Data shown: Begin

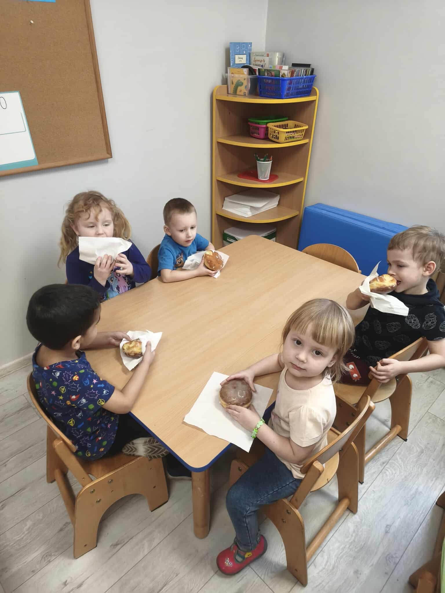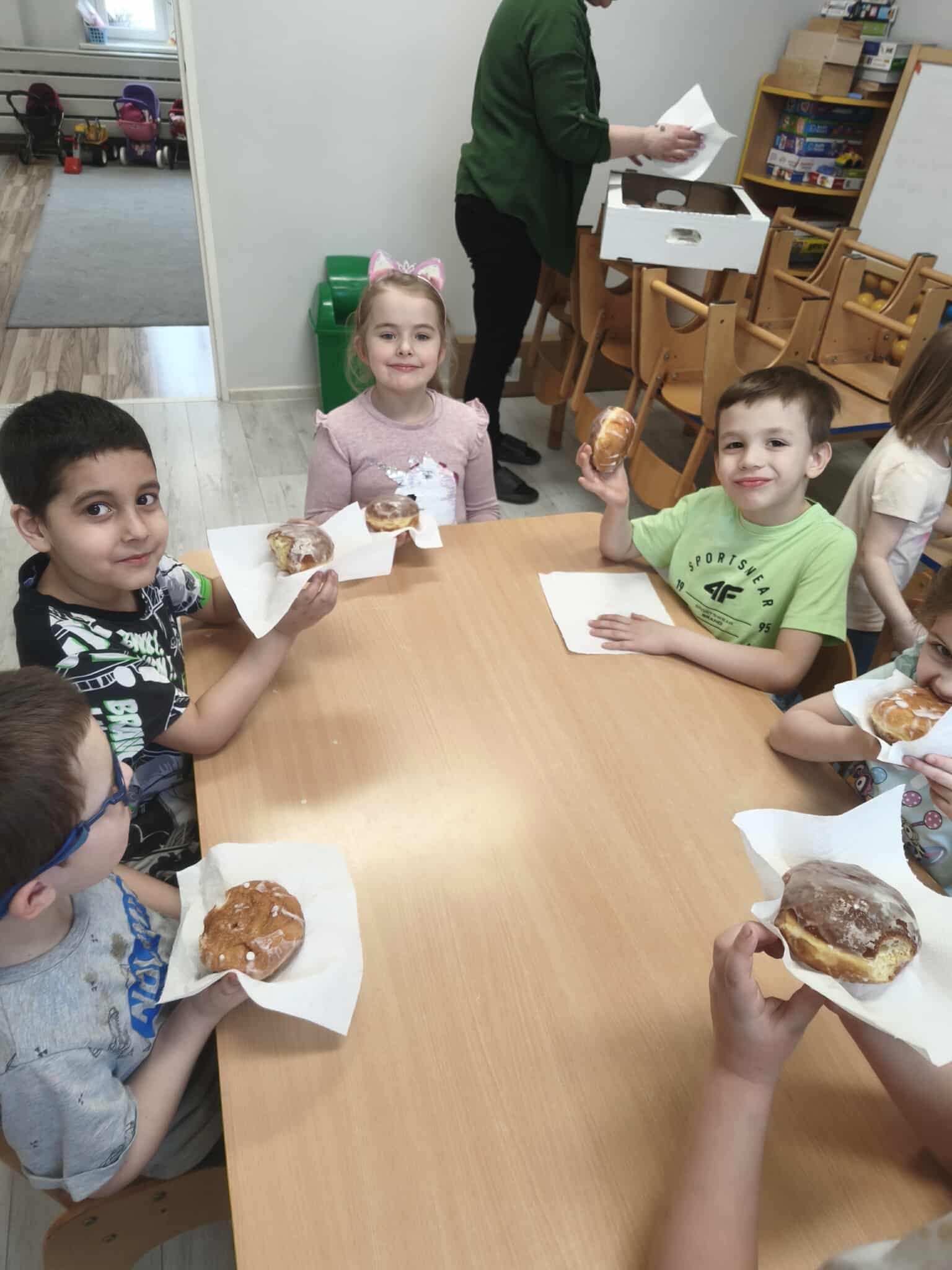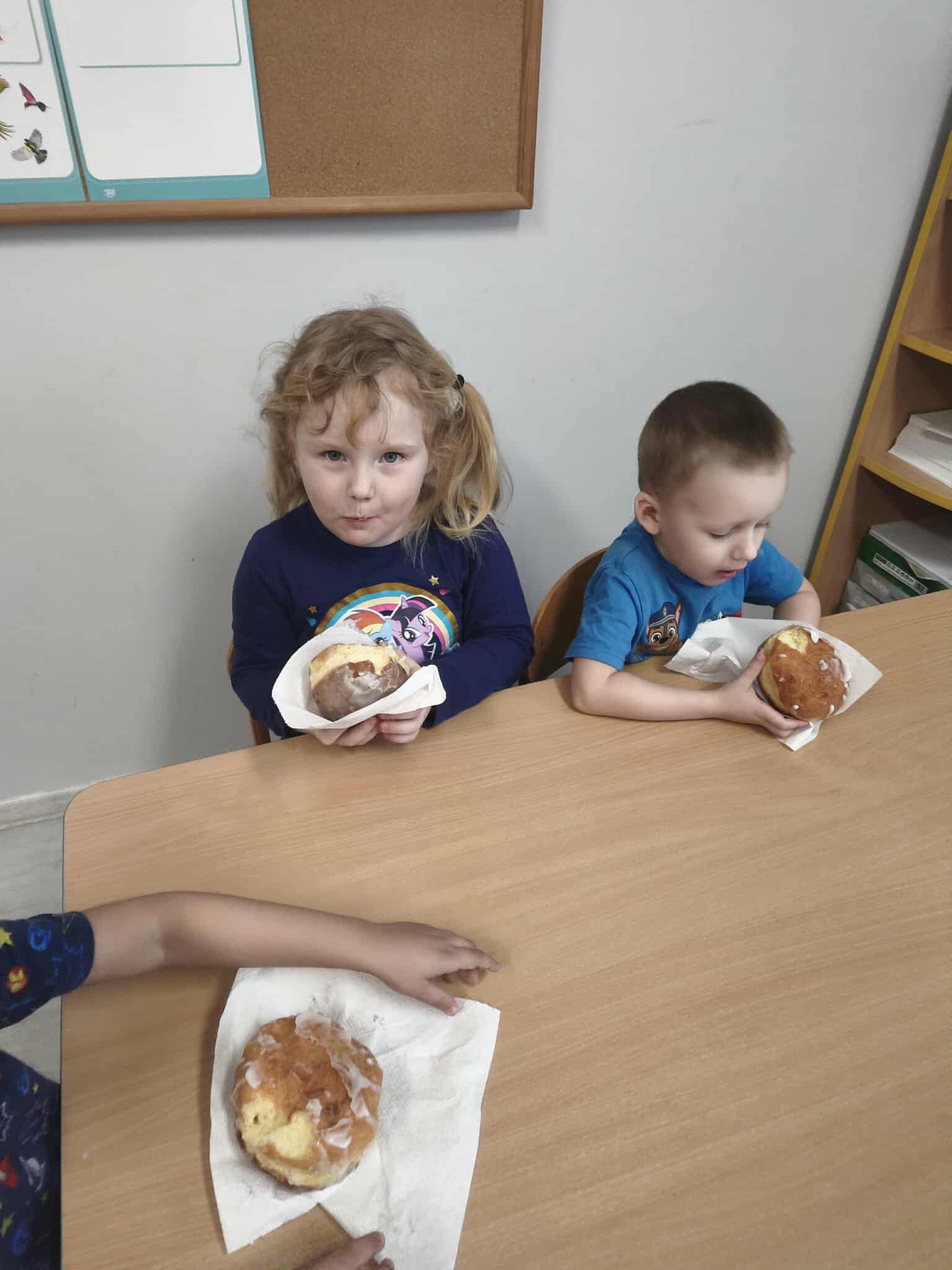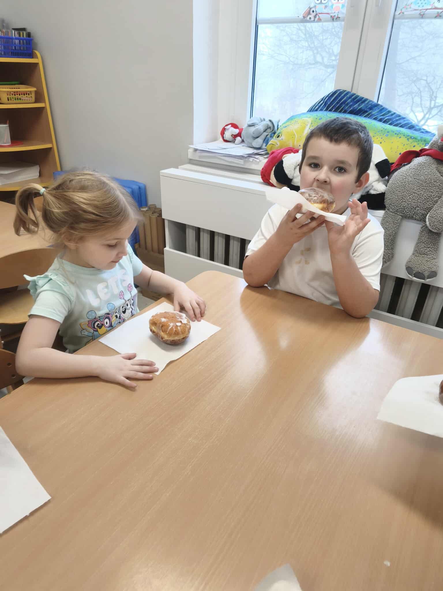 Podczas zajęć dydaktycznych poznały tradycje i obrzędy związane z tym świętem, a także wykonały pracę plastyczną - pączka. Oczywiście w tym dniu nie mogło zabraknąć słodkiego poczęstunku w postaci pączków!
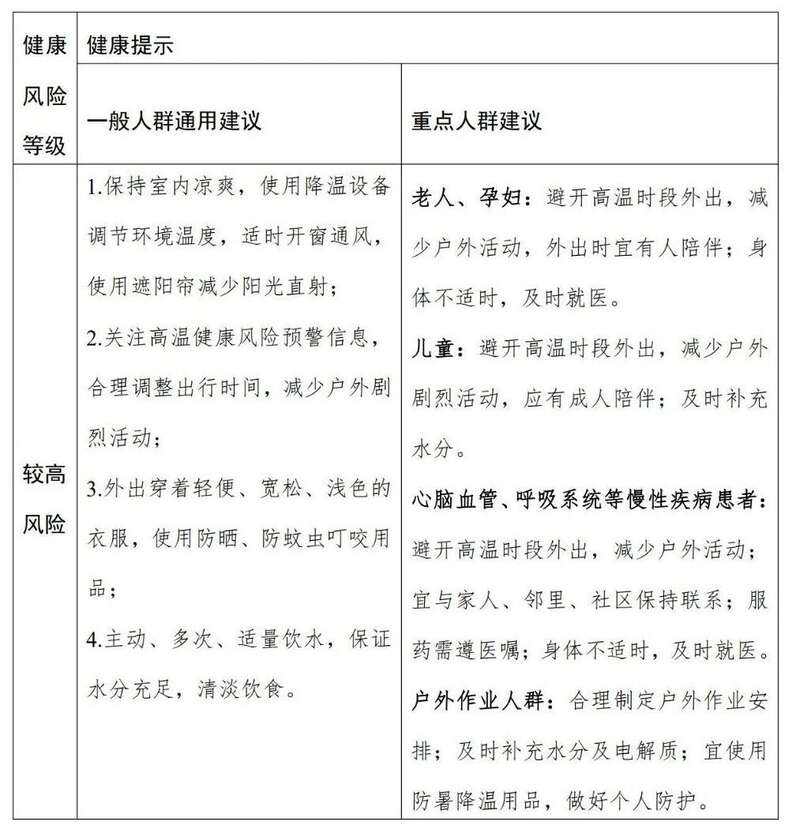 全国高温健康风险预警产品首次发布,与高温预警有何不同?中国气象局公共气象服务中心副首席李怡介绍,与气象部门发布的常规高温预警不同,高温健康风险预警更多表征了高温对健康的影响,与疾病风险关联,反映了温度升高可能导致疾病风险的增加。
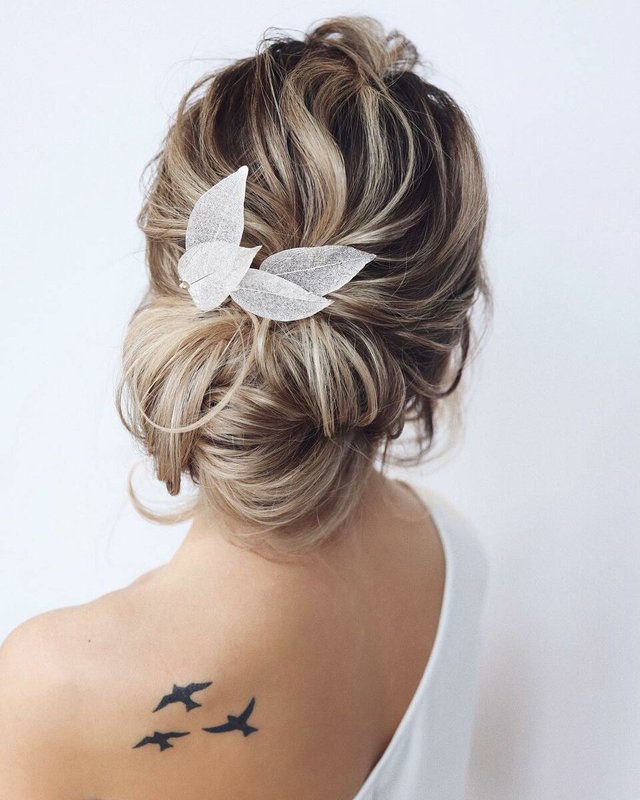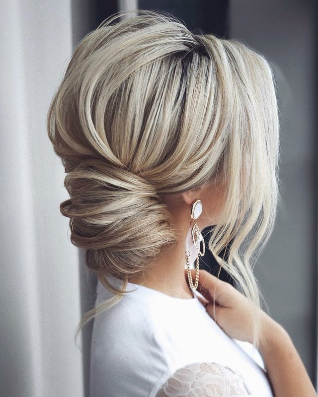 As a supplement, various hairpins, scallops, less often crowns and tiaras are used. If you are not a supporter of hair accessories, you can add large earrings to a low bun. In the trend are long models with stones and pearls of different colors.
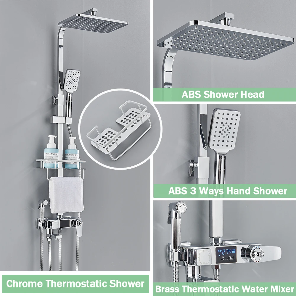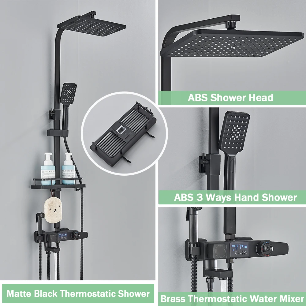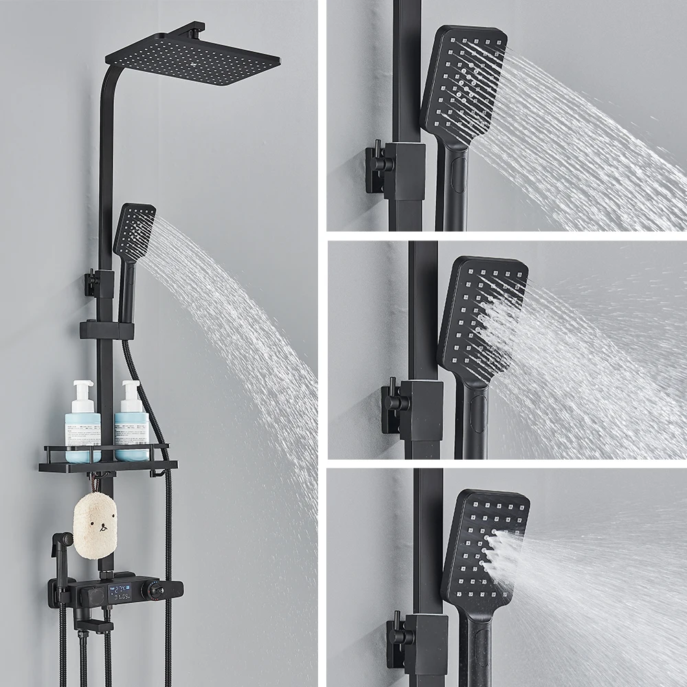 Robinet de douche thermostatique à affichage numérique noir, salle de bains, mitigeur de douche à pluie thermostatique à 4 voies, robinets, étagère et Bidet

Data shown: End

Required work ->
The whole listing above is to be printed exactly; the pictures stay out.

Response for this exercise ->
 Podczas zajęć dydaktycznych poznały tradycje i obrzędy związane z tym świętem, a także wykonały pracę plastyczną - pączka. Oczywiście w tym dniu nie mogło zabraknąć słodkiego poczęstunku w postaci pączków!
 全国高温健康风险预警产品首次发布,与高温预警有何不同?中国气象局公共气象服务中心副首席李怡介绍,与气象部门发布的常规高温预警不同,高温健康风险预警更多表征了高温对健康的影响,与疾病风险关联,反映了温度升高可能导致疾病风险的增加。
 As a supplement, various hairpins, scallops, less often crowns and tiaras are used. If you are not a supporter of hair accessories, you can add large earrings to a low bun. In the trend are long models with stones and pearls of different colors.
 Robinet de douche thermostatique à affichage numérique noir, salle de bains, mitigeur de douche à pluie thermostatique à 4 voies, robinets, étagère et Bidet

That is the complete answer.